- US companies will convert 1.5% of their treasury reserves to Bitcoin.
- Companies could adopt Microstrategy’s Bitcoin investment model.
- There is a 52.29% chance the US economy will go into a recession by July 2025.
US-based Bitcoin technology and financial services firm, River, forecasts that 10% of US companies will allocate 1.5% of their treasury reserves, roughly $10.35 billion, to Bitcoin within the next 18 months. This prediction comes as concerns rise about a potential US economic recession by July 2025.

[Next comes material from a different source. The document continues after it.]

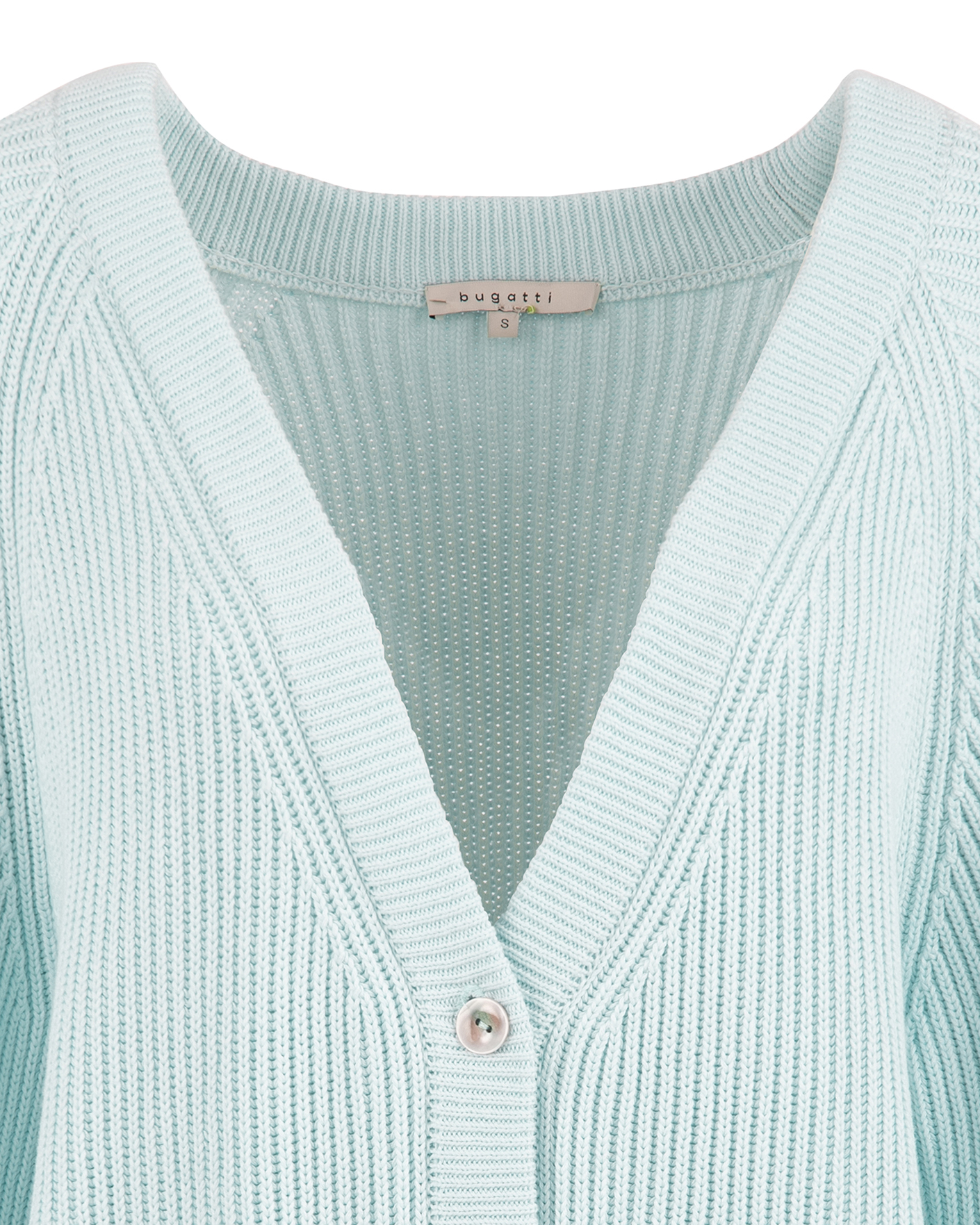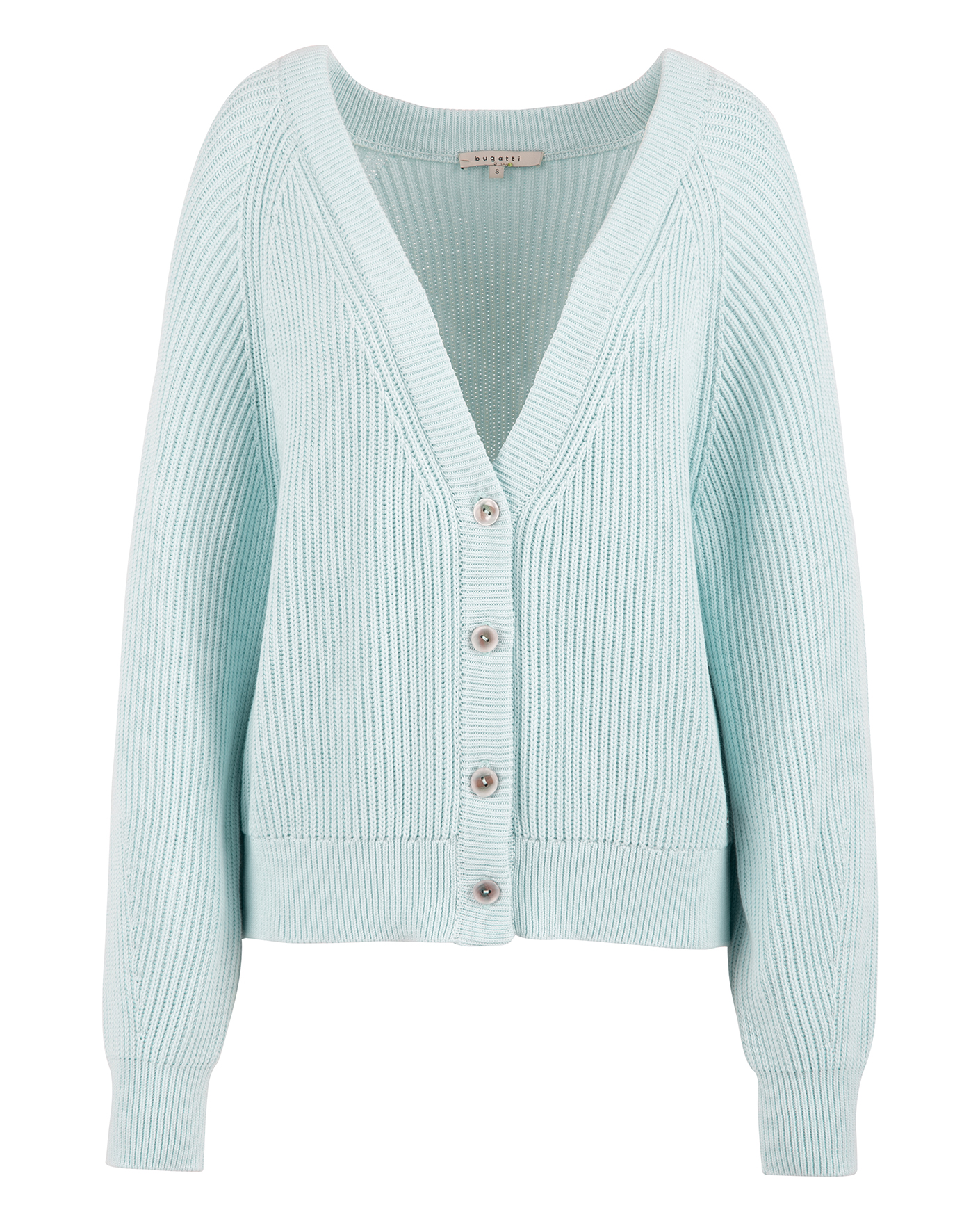 Свободный кардиган Bugatti голубого цвета в вертикальную вязку полосами. Укороченная модель с глубоким V-образным вырезом и застежкой на три пуговицы. Края, манжеты и низ на тонкой вывязанной резинке. Кардиган можно сочетать с футболкой, топом, рубашкой, блузой, водолазкой, юбкой и брюками.
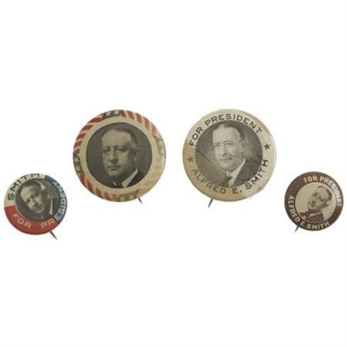 <B>Alfred E. Smith: Four Political Buttons.</B></I> Various sizes. The largest button is 1 1/4” and the smallest 3/4”. Most near very good or better.<BR><BR><b>Shipping:</b> Miscellaneous Collectibles, Smal (<a target="_blank" href="http://www.heritageauctions.com/common/shipping.php">view shipping information</a>)

River’s analysts argue that traditional corporate treasury strategies, reliant on cash and short-term equivalents, often fail to outpace inflation, leading to a decrease in value. They point to Apple’s $15 billion loss in treasury holdings as an example of this inflationary erosion.
Microstrategy’s Bitcoin Model
The report highlights Microstrategy’s corporate treasury strategy, which involves converting a substantial portion of its assets to Bitcoin. In June, the Michael Saylor-led company completed an $800 million debt sale, using the proceeds to purchase an additional 11,931 BTC.
Microstrategy’s Bitcoin strategy reflects the company’s strong belief in the digital asset. Saylor has repeatedly emphasized Bitcoin’s potential as an investment, calling it an asset that ensures “economic immortality.” He believes Bitcoin’s capped supply and lack of counterparty risk make it an ideal choice for safeguarding investments and preserving wealth.
Economic Recession Looms in the US
Current projections show a 52.29% chance of the US economy entering another recession by July 2025. This figure is slightly higher than previous month’s estimates but lower than the January 2025 projection of 61.47%.
Recession fears heightened in the US in early August following the release of weaker-than-expected job reports. The report triggered a rapid market selloff amid slowing job growth and rising unemployment. However, subsequent reports appeared more promising, with a rebound in the equity markets.
In the meantime, the US Federal Reserve is adopting measures to stem the threat caused by rising inflation and address the issue of unemployment. Analysts predict the Fed will cut interest rates in the next FOMC meeting while attempting to spur the economy and fight against the looming recession.